И тут у мужиков загорелись глаза. Звякнуло ведро в сенях. Суета какая-то возникла.
— Ну, давай, журналист, покажи че ты умеешь, — усмехались они. Мы вошли в добротный сарай. Пахло летом и навозом. Щелкнул выключатель — и я увидел корову. Она надменно жевала сено и вовсе даже не смотрела в нашу сторону. Николай протянул мне маленькую скамейку.
— Что называется, испытано на себе, — говорю, не зная как к этой корове подступиться. Мне объяснили.

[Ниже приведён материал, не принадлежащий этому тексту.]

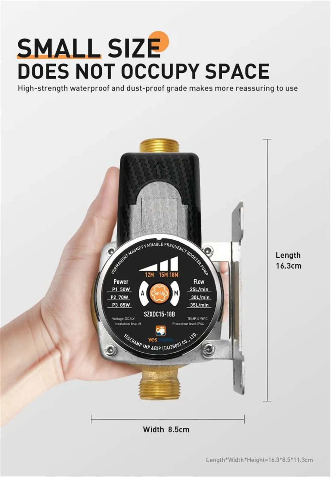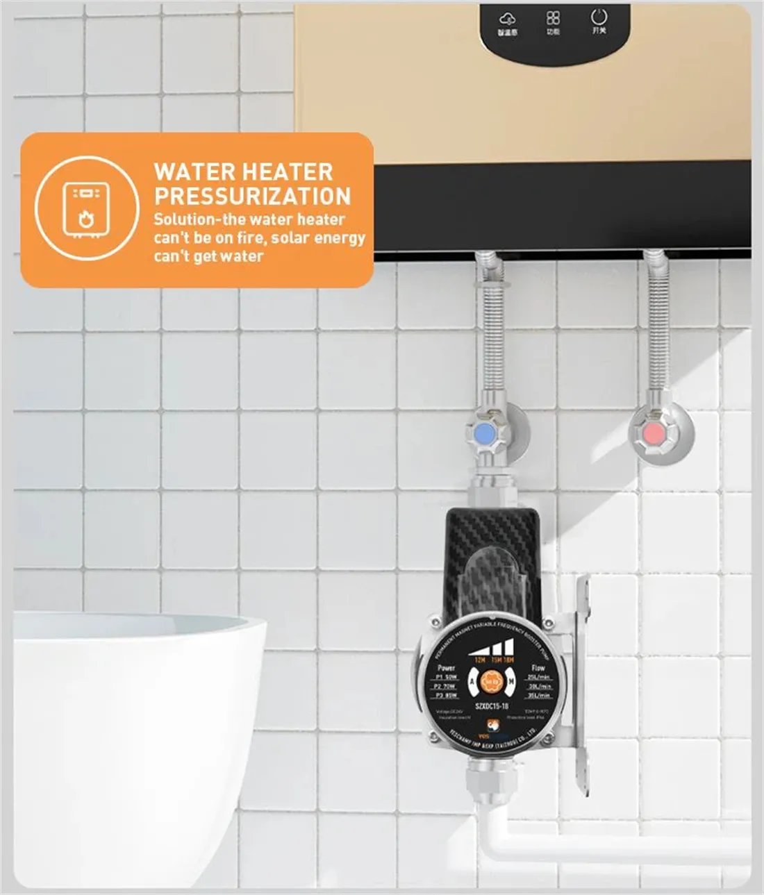 Wide use and light weight: Portable design and energy saving, no leakage, low noise, automatically adjust your needs. Increase household water tank pressure, keep pressure stable, suitable for water supercharger, water heater, solar water heater, shower

— Только она лягачая. Прошлой осенью оставили ее на приколе на ночь. Волк приходил, она его задней ногой так саданула, что он и сдох, — подбодрил меня сват Михалыча.
Корова продолжает жевать и коситься. Я беру протянутый мне вазелин, смазываю вымя и с испугу, как будто только всю жизнь этим и занимался, надаиваю чуть ли не полведра.
За калиткой меня встречают совсем не как героя. Мои собеседники говорят, что это, мол, бабье дело, и так далее. У меня же ощущение, как будто только что я прыгнул с парашютом. Столько восторга!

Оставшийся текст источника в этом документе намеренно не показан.